[Assignment]: Copy out the full listing exactly, omitting any picture it contains.

[Data below]:
● ● ●
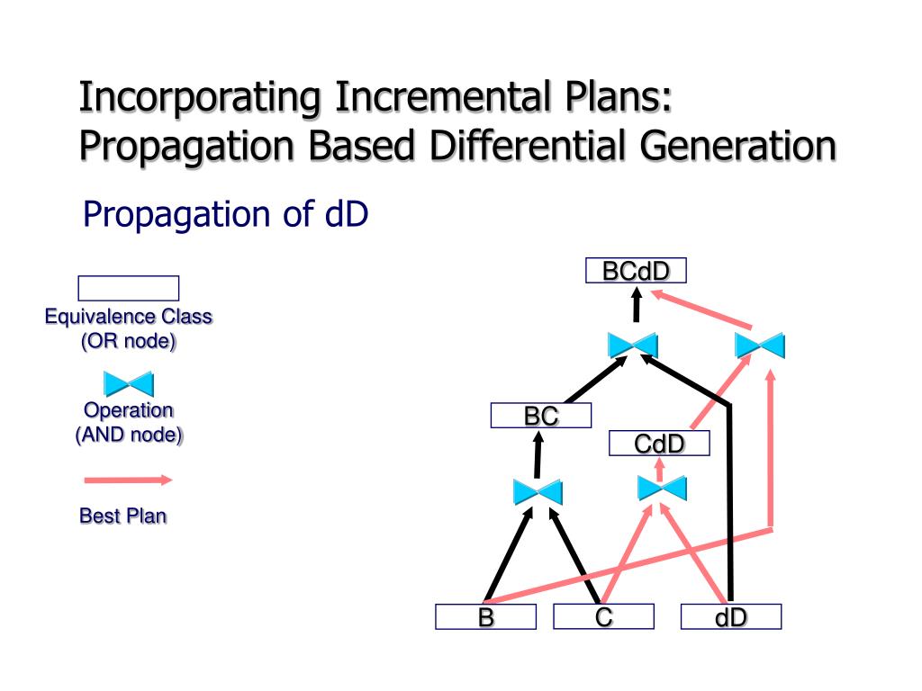 Incorporating Incremental Plans:Propagation Based Differential Generation Propagation of dD BCdD Equivalence Class (OR node) Operation (AND node) BC CdD Best Plan C dD B
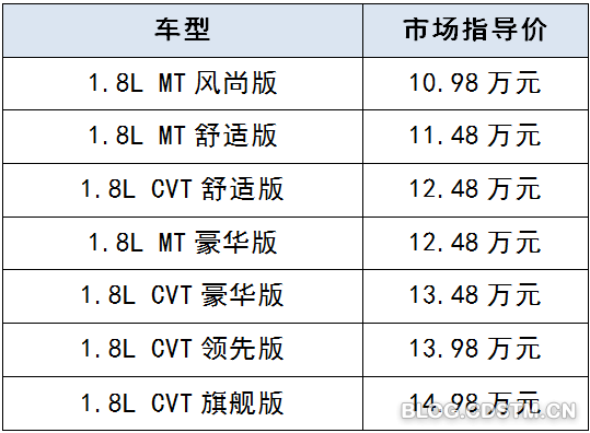 MT市场指导价:11.48万元;CVT市场指导价:12.48万元
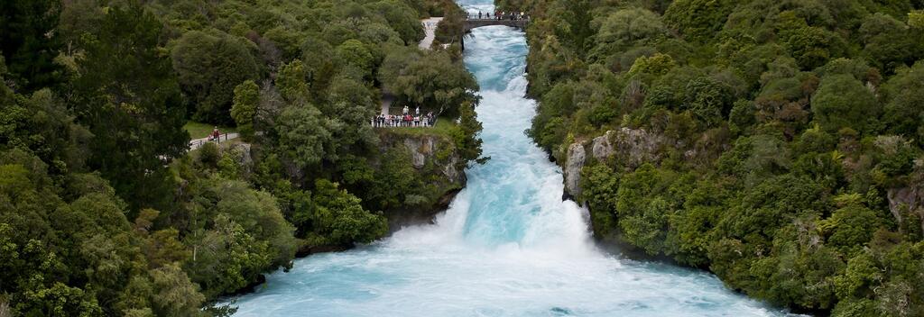 One of New Zealand's most popular natural attractions, Huka Falls is just 10 minutes from Lake Taupō. Watch as the mighty Waikato River, which measures about 100 metres wide, is squeezed through a narrow gorge and down a 20 metre drop. You can feel the thundering Falls up close on a jet boat ride or marvel from a safe distance on one of the many viewing platforms.
● ● ●
[Written response]:
 Incorporating Incremental Plans:Propagation Based Differential Generation Propagation of dD BCdD Equivalence Class (OR node) Operation (AND node) BC CdD Best Plan C dD B
 MT市场指导价:11.48万元;CVT市场指导价:12.48万元
 One of New Zealand's most popular natural attractions, Huka Falls is just 10 minutes from Lake Taupō. Watch as the mighty Waikato River, which measures about 100 metres wide, is squeezed through a narrow gorge and down a 20 metre drop. You can feel the thundering Falls up close on a jet boat ride or marvel from a safe distance on one of the many viewing platforms.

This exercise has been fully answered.